● Provided records
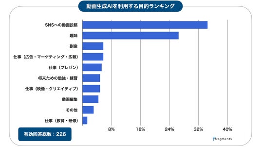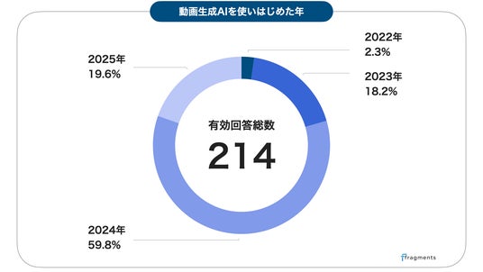 株式会社フラグメンツ(本社:東京都港区、代表取締役:数野健)が運営する生成AIに関する情報を発信するオウンドメディアは、動画生成AIの利用者214人にアンケート調査を行いました。
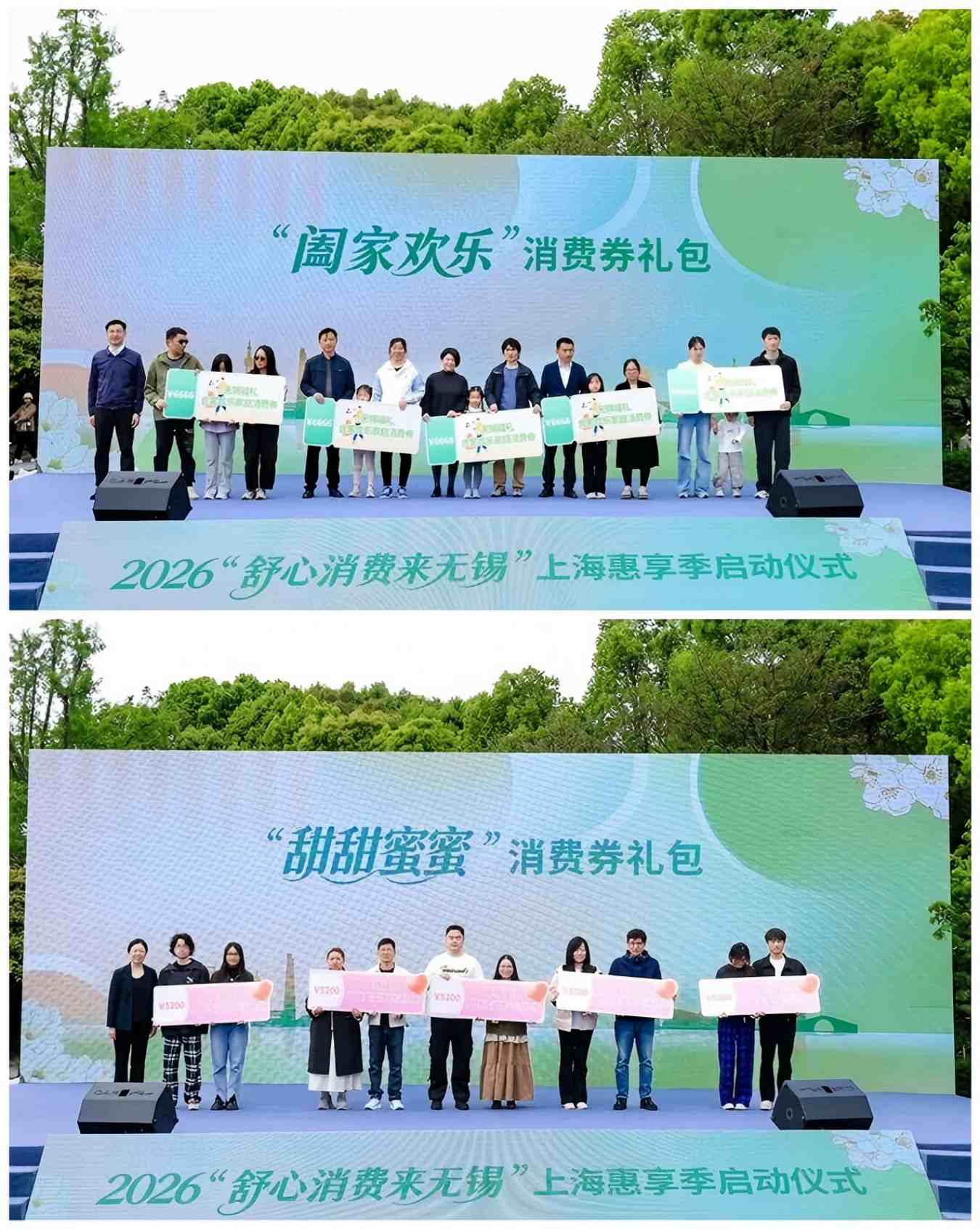 活动现场,无锡各区域结合自身优势,推出一系列“舒心消费·慢生活津贴”,涵盖餐饮、住宿、零售、文旅等多个领域。江阴推出“我是厨神”28家获奖餐饮名店的“春季宴”专属折扣;宜兴准备了46家口碑餐饮和38家品质住宿的“美食美宿”专属券包;梁溪送上“人间梁溪,慢享时光”系列消费券;锡山捧出千万汽车消费券与打车补贴;惠山五大主题福利覆盖全场景;滨湖区主打“上海消费优惠礼包”;新吴区四大专属优惠诚意满满。此外,情侣代表和家庭代表分别领到价值5200元的“甜甜蜜蜜”消费券礼包和价值6666元的“阖家欢乐”消费券礼包,现场气氛热烈。
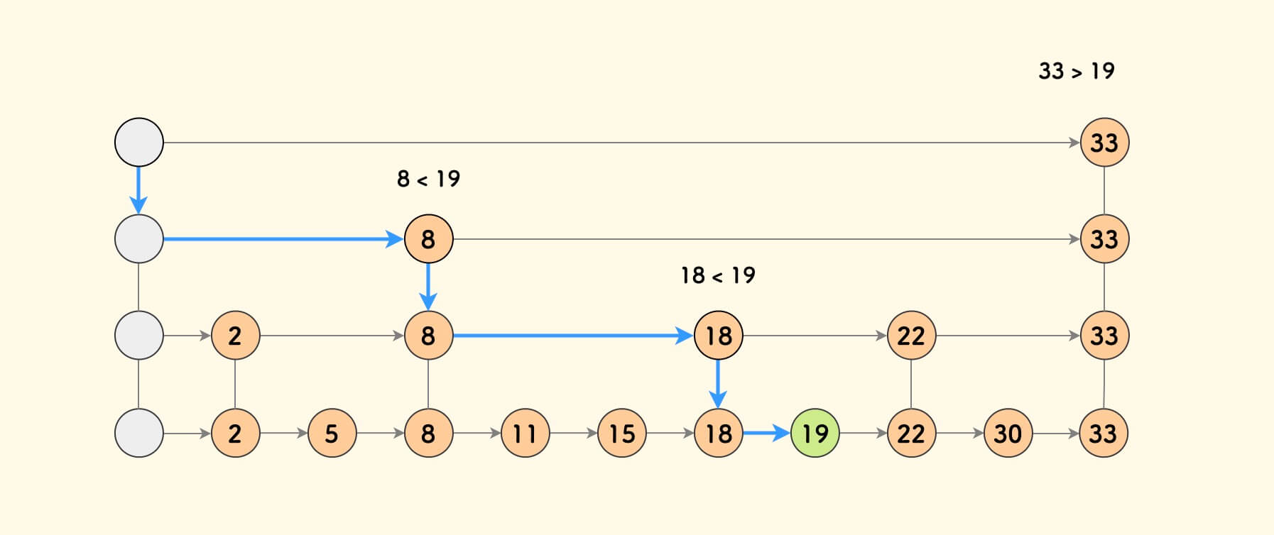 下图是一个示例,它并不严格地符合 “间隔搭线” 的规则。如之前那样, 上层仍然给下层提供了快速通道,加速了查找过程。
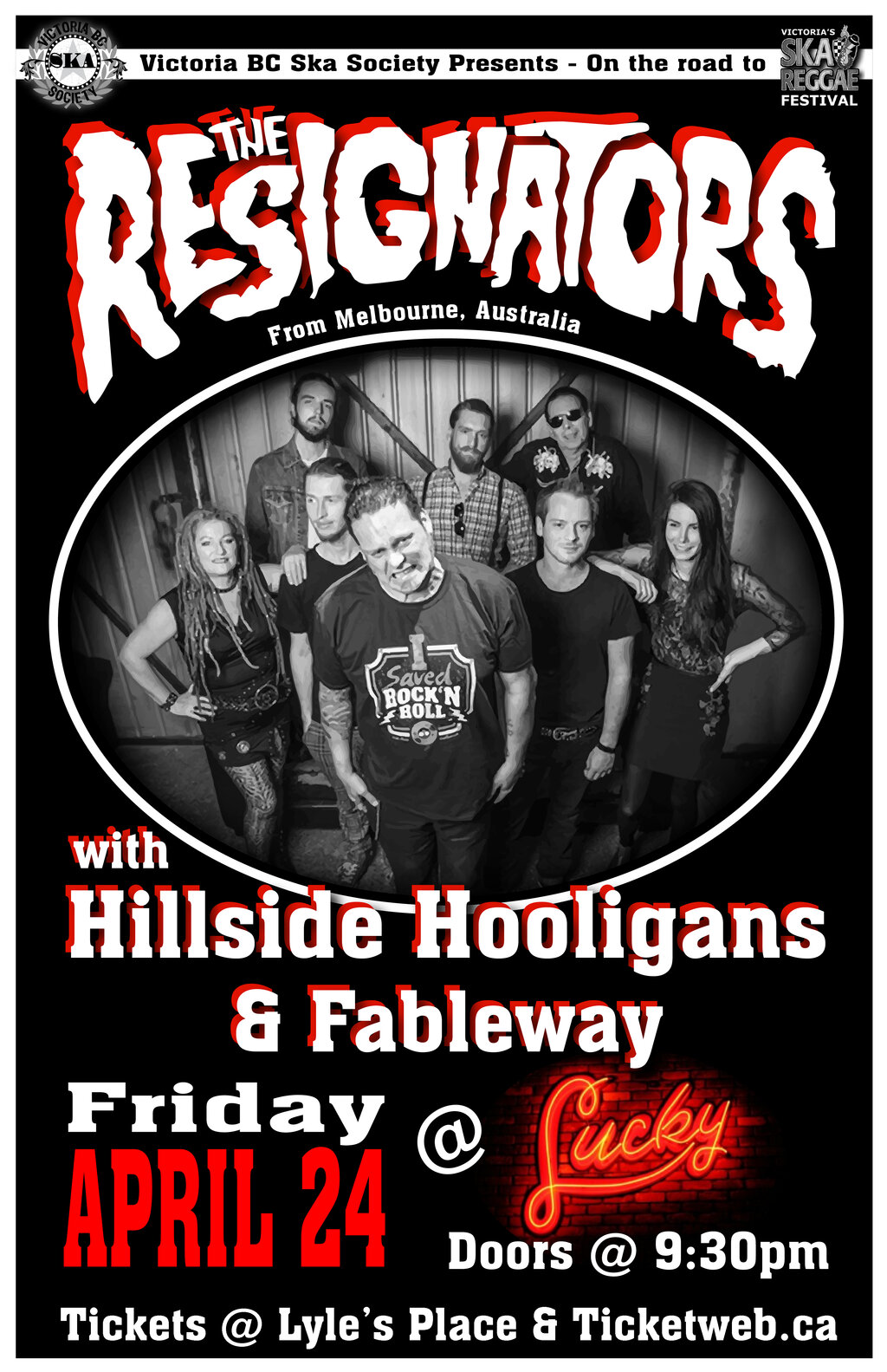 Get ready for more good times with Melbourne, Australia's The Resignators with our Island's own Hillside Hooligans and Fableway. This show is a family reunion of our ska family down under meeting our reggae, punk and ska family from west coast Canada. You may have remembered that The Resignators played at the Victoria Ska Festival in 2011 and 2013 opening for The Planet Smashers at Market Square and with Rude City Riot at Lucky Bar. If you didn't see them you're in for a treat with this edition of our On the Road to Ska & Reggae Festival.
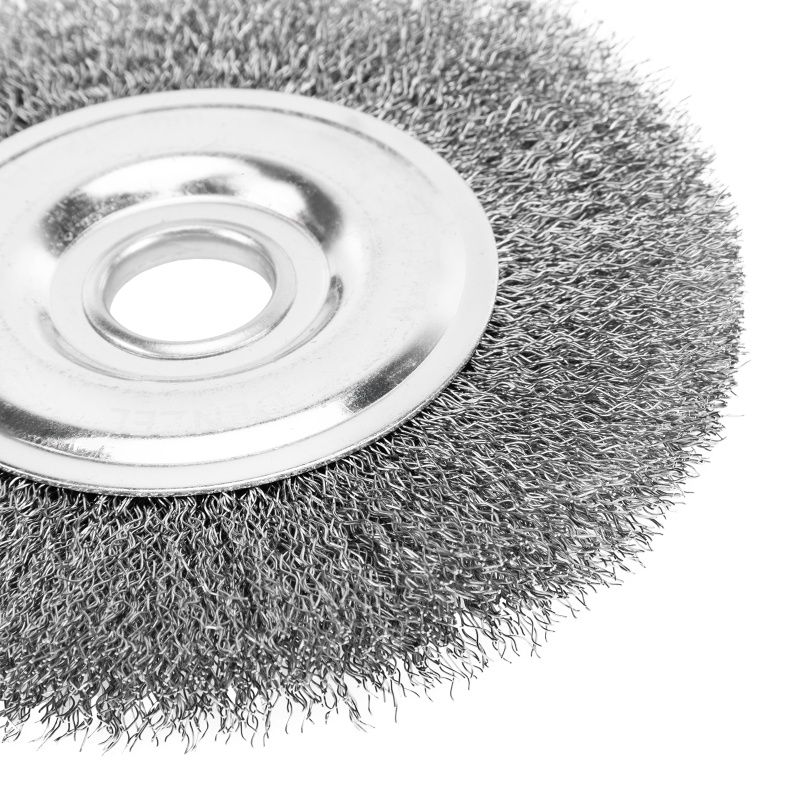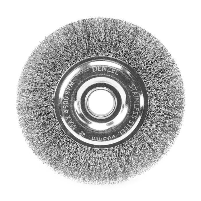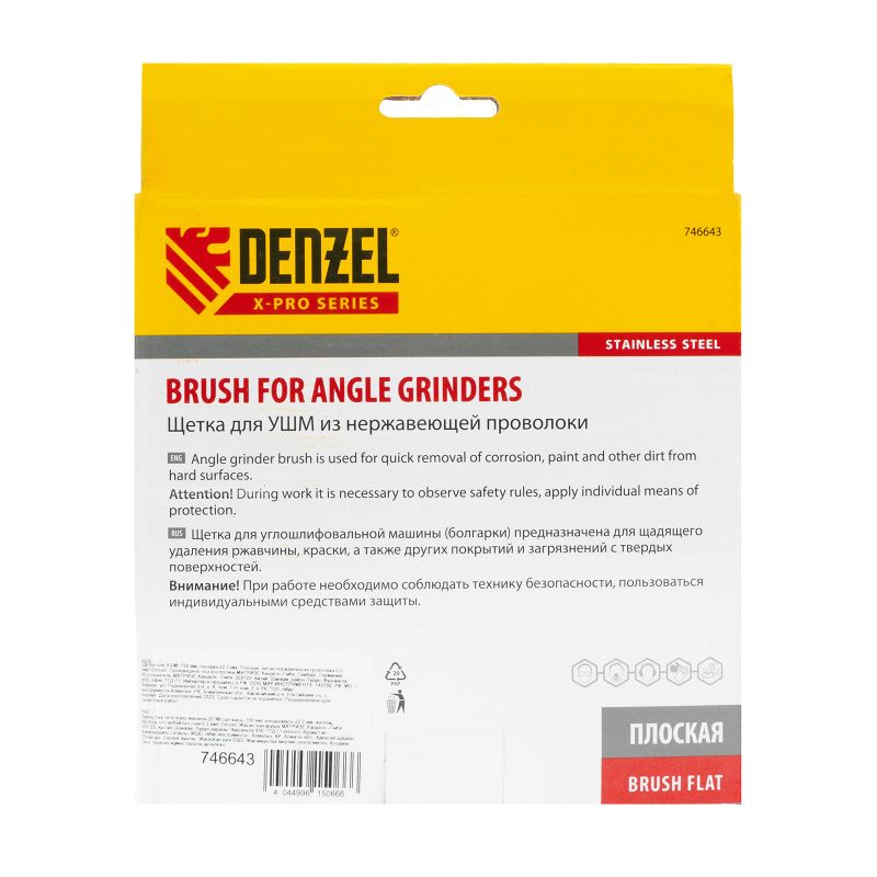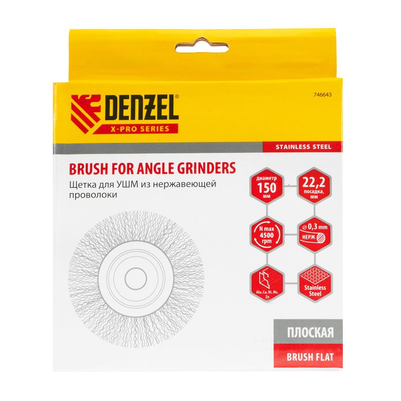 Щетка для УШМ, 150 мм, "Плоская", витая нержавеющая проволока 0.3 мм, посадка 22.2 мм Denzel, 746643
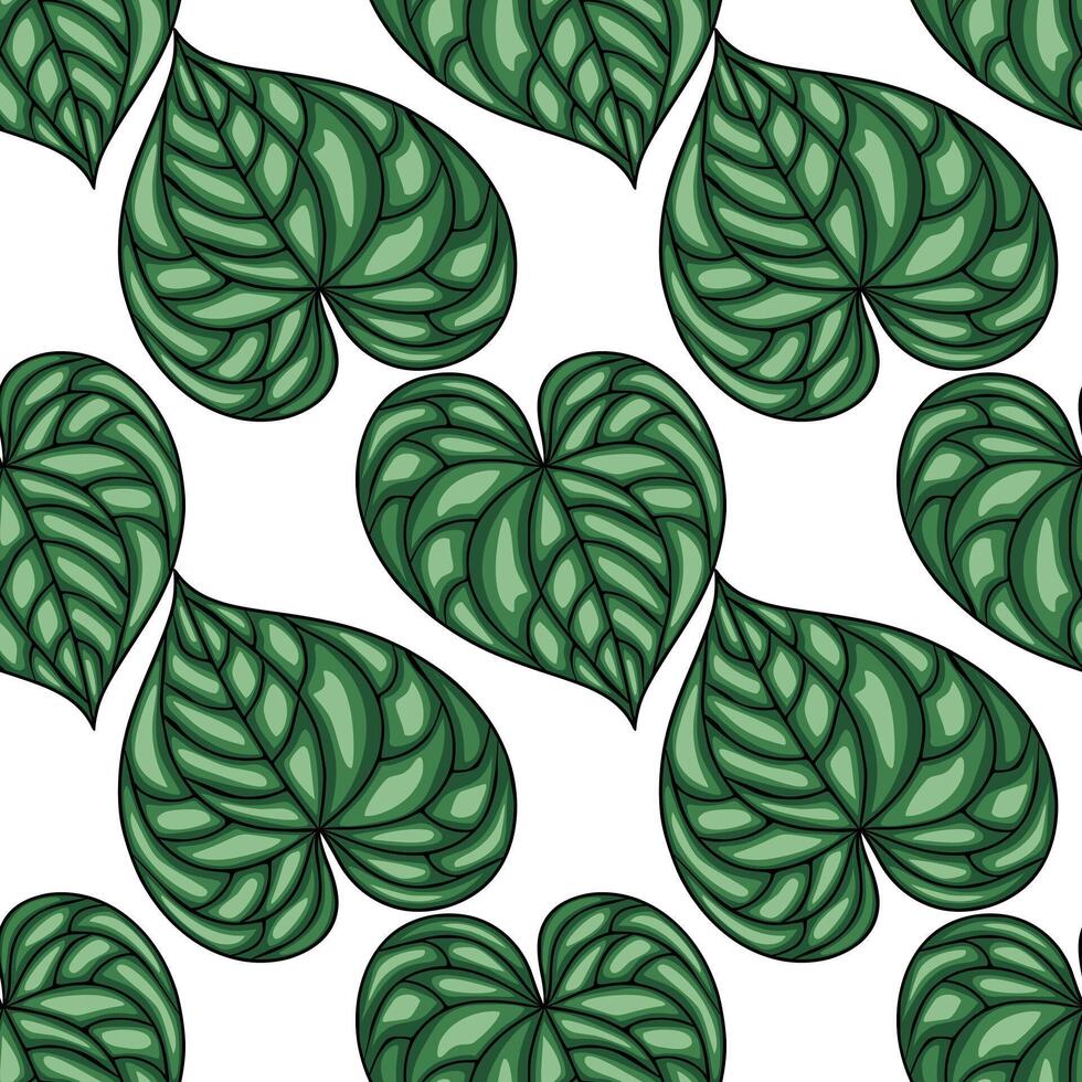 Seamless pattern of stylized heart-shaped leaves in dark green shades, creating a lush and textured botanical design perfect for various applications. Pro Vector
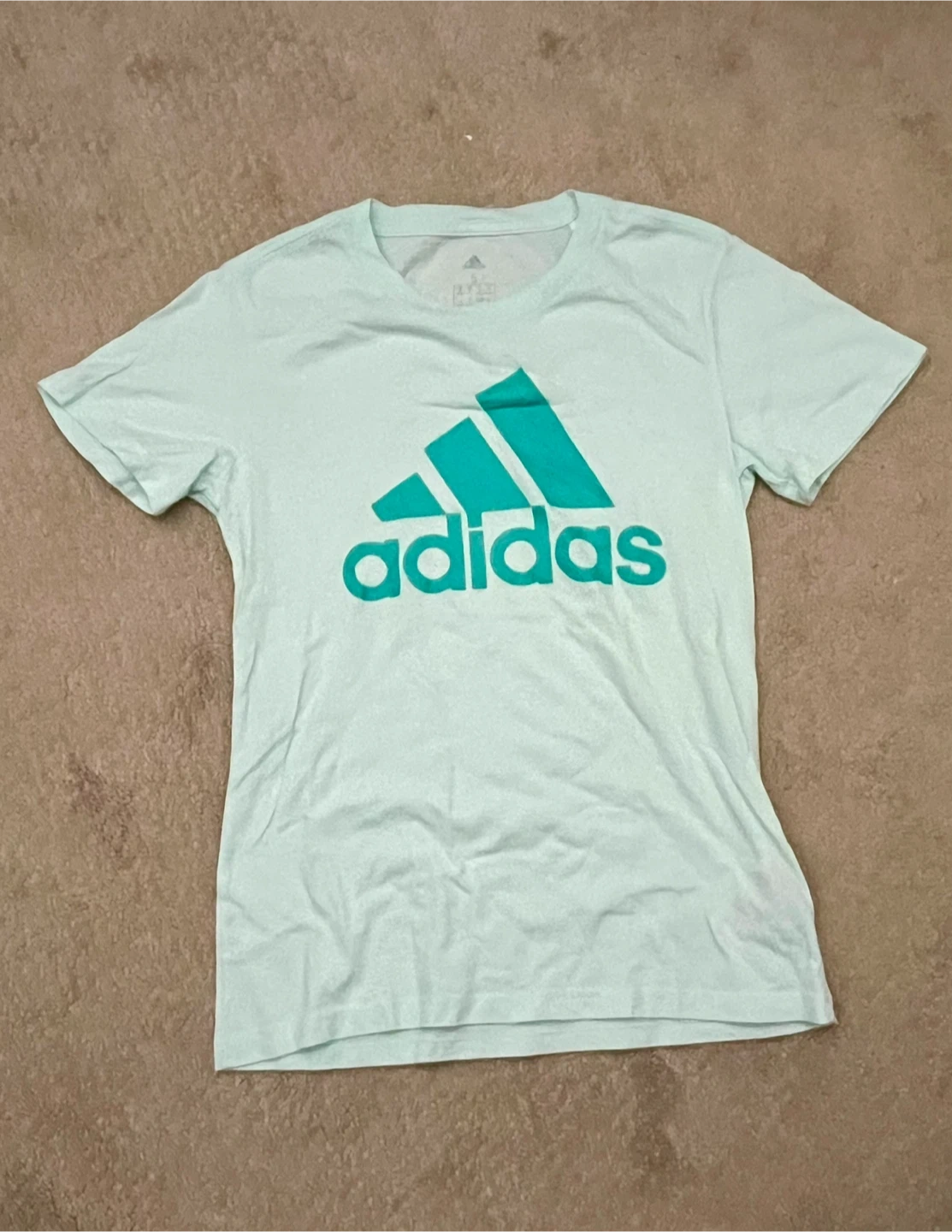 Selling a light green Adidas t-shirt in size small. It's in great condition and features the classic Adidas logo in teal. Perfect for casual wear or workouts!
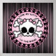 Cute kitty skull and crossbones set on a pink background with paw prints.

● What is needed
Please give an exact printout of all the records, pictures aside.

● Solution for this exercise
 株式会社フラグメンツ(本社:東京都港区、代表取締役:数野健)が運営する生成AIに関する情報を発信するオウンドメディアは、動画生成AIの利用者214人にアンケート調査を行いました。
 活动现场,无锡各区域结合自身优势,推出一系列“舒心消费·慢生活津贴”,涵盖餐饮、住宿、零售、文旅等多个领域。江阴推出“我是厨神”28家获奖餐饮名店的“春季宴”专属折扣;宜兴准备了46家口碑餐饮和38家品质住宿的“美食美宿”专属券包;梁溪送上“人间梁溪,慢享时光”系列消费券;锡山捧出千万汽车消费券与打车补贴;惠山五大主题福利覆盖全场景;滨湖区主打“上海消费优惠礼包”;新吴区四大专属优惠诚意满满。此外,情侣代表和家庭代表分别领到价值5200元的“甜甜蜜蜜”消费券礼包和价值6666元的“阖家欢乐”消费券礼包,现场气氛热烈。
 下图是一个示例,它并不严格地符合 “间隔搭线” 的规则。如之前那样, 上层仍然给下层提供了快速通道,加速了查找过程。
 Get ready for more good times with Melbourne, Australia's The Resignators with our Island's own Hillside Hooligans and Fableway. This show is a family reunion of our ska family down under meeting our reggae, punk and ska family from west coast Canada. You may have remembered that The Resignators played at the Victoria Ska Festival in 2011 and 2013 opening for The Planet Smashers at Market Square and with Rude City Riot at Lucky Bar. If you didn't see them you're in for a treat with this edition of our On the Road to Ska & Reggae Festival.
 Щетка для УШМ, 150 мм, "Плоская", витая нержавеющая проволока 0.3 мм, посадка 22.2 мм Denzel, 746643
 Seamless pattern of stylized heart-shaped leaves in dark green shades, creating a lush and textured botanical design perfect for various applications. Pro Vector
 Selling a light green Adidas t-shirt in size small. It's in great condition and features the classic Adidas logo in teal. Perfect for casual wear or workouts!
 Cute kitty skull and crossbones set on a pink background with paw prints.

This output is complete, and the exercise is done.